Data items:
Content starts

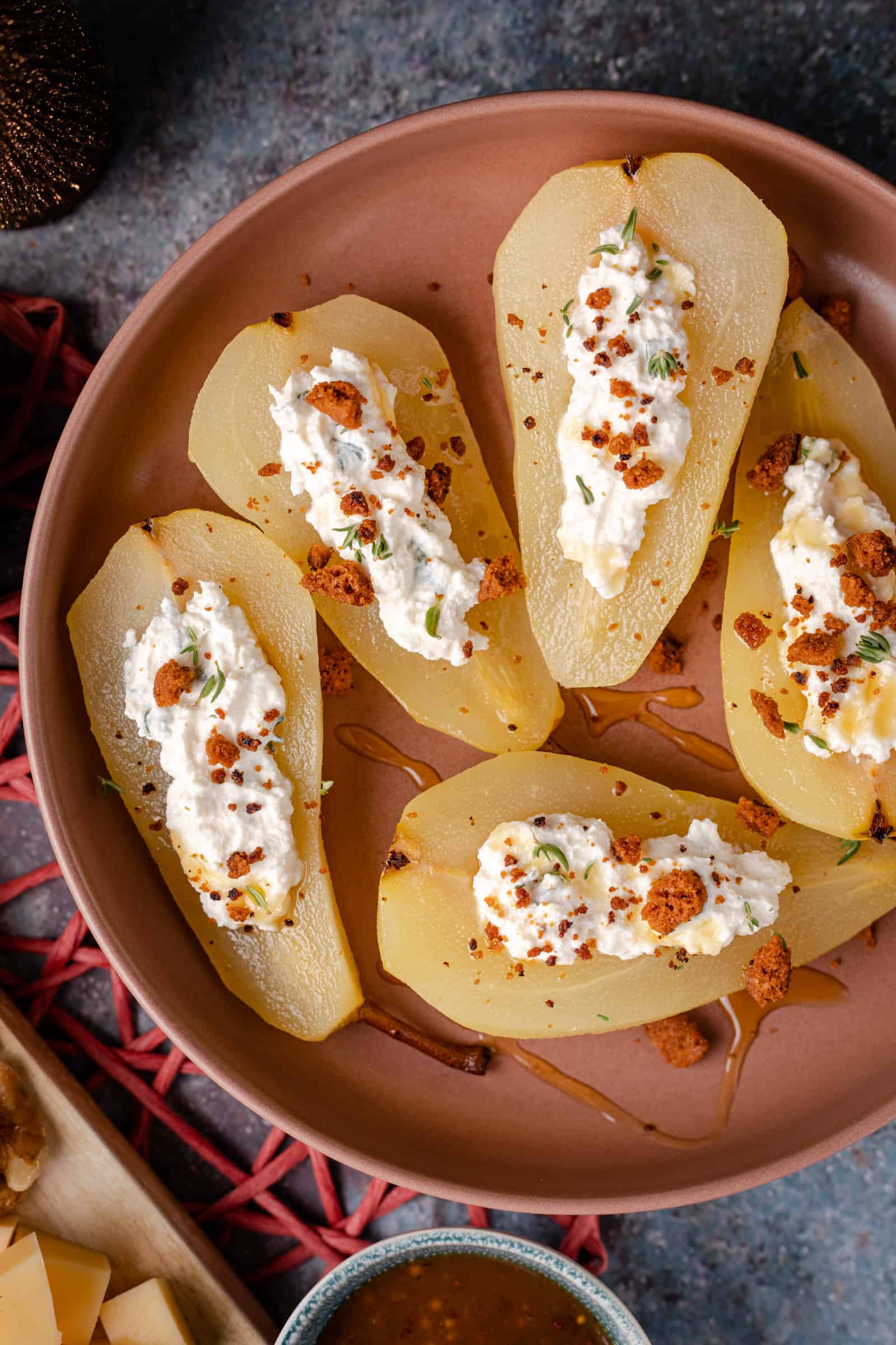 De peren laat je eerst rustig pocheren met suiker, citroen en diverse specerijen. Daarna hoef je ze alleen nog maar te vullen met het mengsel van ricotta, tijm en honing. Nog wat krokant gebakken koekkruimels erover voor een lekkere crunch en je hebt een heerlijk nagerecht.
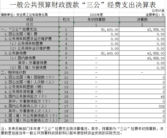 九、“三公”经费:指各部门因公出国(境)费、公务用车购置及运行费和公务接待费。其中,因公出国(境)费指单位公务出国(境)的住宿费、旅费、伙食补助费、杂费、培训费等支出;公务用车购置及运行费指单位公务用车购置费及租用费、燃料费、维修费、过路过桥费、保险费、安全奖励费用等支出;公务接待费指单位按规定开支的各类公务接待(含外宾接待)支出。
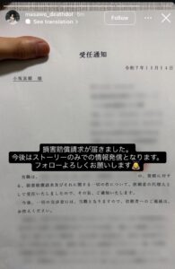 2025年11月19日:損害賠償請求が届いたとされ、X投稿停止→Instagramストーリー中心へ
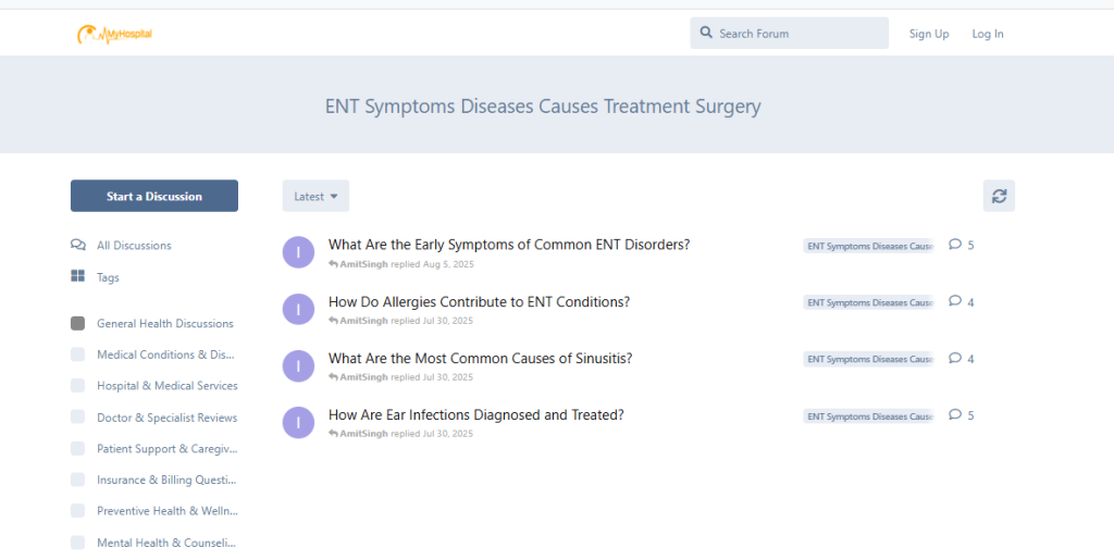The MyHospitalNow ENT: Symptoms, Diseases, Causes, Treatment & Surgery forum category is a supportive community space where patients, caregivers, and families can ask questions, share experiences, and learn from others dealing with ENT‑related concerns.
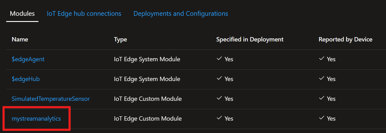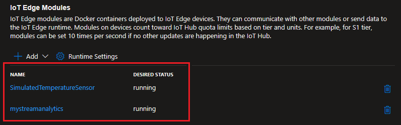 {moduleName}durch den Namen Ihres Azure Stream Analytics Moduls. Dieses Modul sollte den gleichen Namen haben, den Sie in der Modulliste Ihres Geräts auf der Seite Setmodule sehen, wie im Azure-Portal dargestellt.Name Wert TelemetrieInDieCloud FROM /messages/modules/SimulatedTemperatureSensor/* INTO $upstreamalertsToCloud FROM /messages/modules/{moduleName}/* INTO $upstreamalertsToReset FROM /messages/modules/{moduleName}/* INTO BrokeredEndpoint("/modules/SimulatedTemperatureSensor/inputs/control")telemetryToAsa FROM /messages/modules/SimulatedTemperatureSensor/* INTO BrokeredEndpoint("/modules/{moduleName}/inputs/temperature")Die hier deklarierten Routen definieren den Datenfluss über das IoT Edge Gerät. Die Telemetriedaten von SimulatedTemperatureSensor werden an IoT Hub und an die temperatureeingabe gesendet, die im Stream Analytics-Auftrag konfiguriert wurde. Die ausgabemeldungen alert werden an IoT Hub und an das SimulatedTemperatureSensor-Modul gesendet, um den Zurücksetzungsbefehl auszulösen.

Content ends

→ What you should do:
From the data above, return exactly the lines from the one with "2025年11月19日:損害" up to and including the one with "The MyHospitalNow ENT: Symptoms, Diseases, Causes, Treatment". Pictures do not go in the copy.

→ Task solution:
 2025年11月19日:損害賠償請求が届いたとされ、X投稿停止→Instagramストーリー中心へ
The MyHospitalNow ENT: Symptoms, Diseases, Causes, Treatment & Surgery forum category is a supportive community space where patients, caregivers, and families can ask questions, share experiences, and learn from others dealing with ENT‑related concerns.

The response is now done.